__What is required__. Copy the lines below exactly, starting at the one with "Make a bold" and ending at the one with "Dearly loved daughter", and leave out any picture.

__Provided entries__.

▶

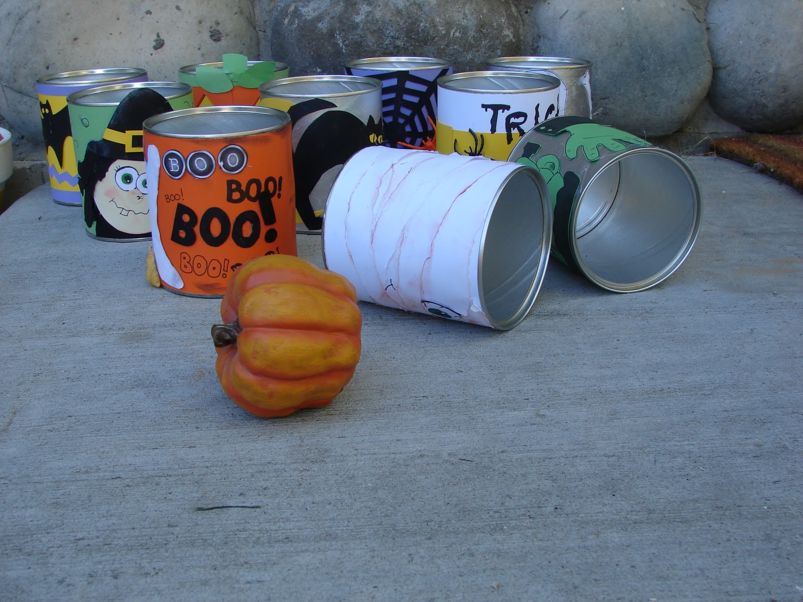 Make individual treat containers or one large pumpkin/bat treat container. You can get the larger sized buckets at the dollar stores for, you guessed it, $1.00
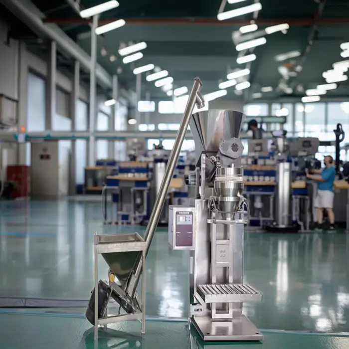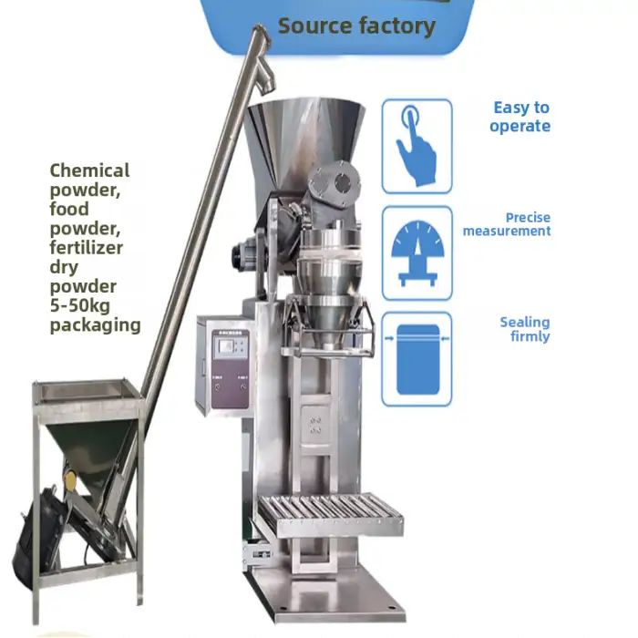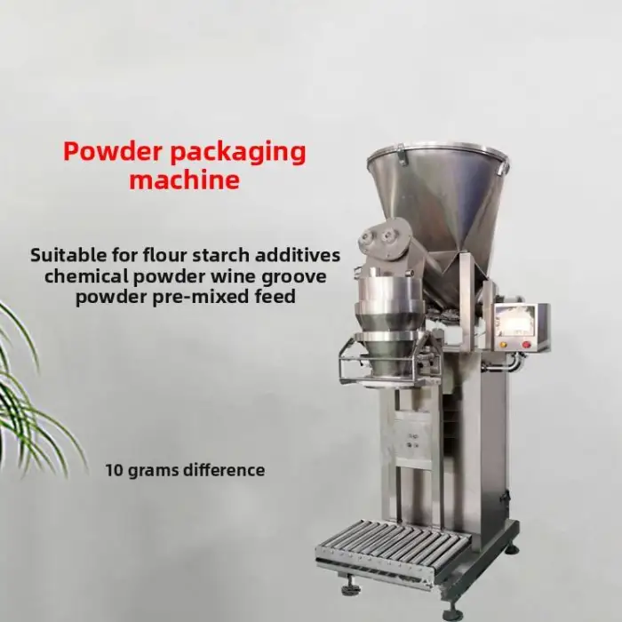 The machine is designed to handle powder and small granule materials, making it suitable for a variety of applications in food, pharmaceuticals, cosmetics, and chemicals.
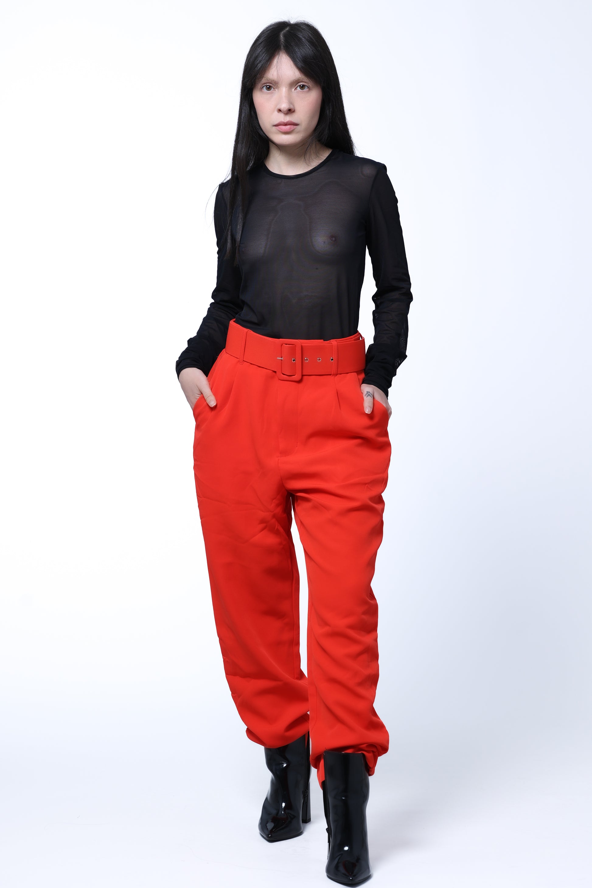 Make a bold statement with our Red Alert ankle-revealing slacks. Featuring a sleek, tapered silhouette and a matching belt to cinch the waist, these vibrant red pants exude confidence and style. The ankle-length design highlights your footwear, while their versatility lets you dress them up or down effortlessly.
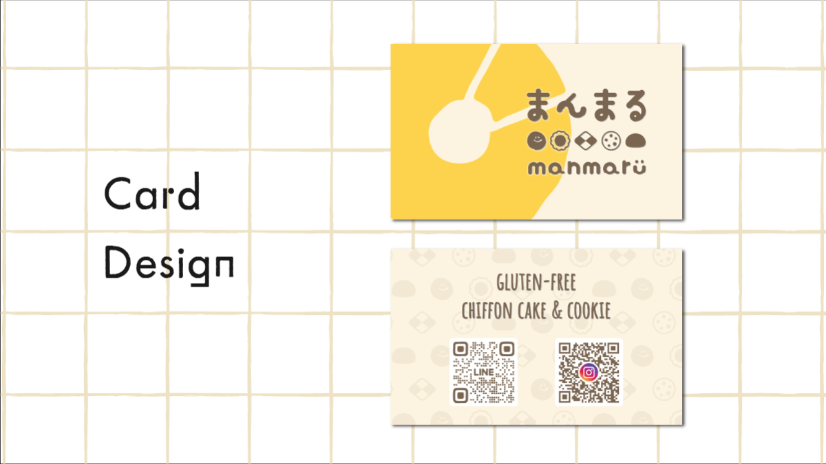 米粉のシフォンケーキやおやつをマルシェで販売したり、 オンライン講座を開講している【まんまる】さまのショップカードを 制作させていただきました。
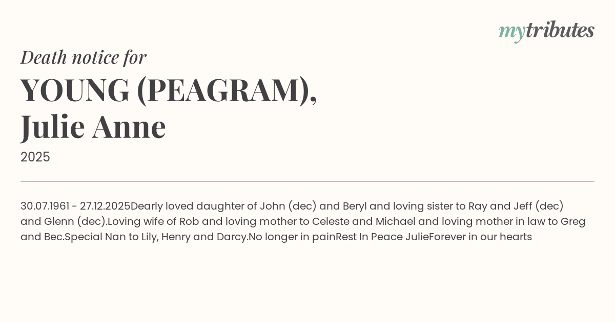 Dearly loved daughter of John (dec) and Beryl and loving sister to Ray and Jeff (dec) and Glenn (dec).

◀
▶

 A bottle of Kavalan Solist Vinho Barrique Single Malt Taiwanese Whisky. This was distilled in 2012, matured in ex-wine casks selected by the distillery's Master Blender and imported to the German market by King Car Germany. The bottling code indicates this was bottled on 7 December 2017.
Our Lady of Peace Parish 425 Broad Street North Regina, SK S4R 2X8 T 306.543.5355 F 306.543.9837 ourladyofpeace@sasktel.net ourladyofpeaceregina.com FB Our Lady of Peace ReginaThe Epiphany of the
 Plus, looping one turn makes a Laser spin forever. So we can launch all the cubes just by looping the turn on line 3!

◀

__Task answer__.
 Make a bold statement with our Red Alert ankle-revealing slacks. Featuring a sleek, tapered silhouette and a matching belt to cinch the waist, these vibrant red pants exude confidence and style. The ankle-length design highlights your footwear, while their versatility lets you dress them up or down effortlessly.
 米粉のシフォンケーキやおやつをマルシェで販売したり、 オンライン講座を開講している【まんまる】さまのショップカードを 制作させていただきました。
 Dearly loved daughter of John (dec) and Beryl and loving sister to Ray and Jeff (dec) and Glenn (dec).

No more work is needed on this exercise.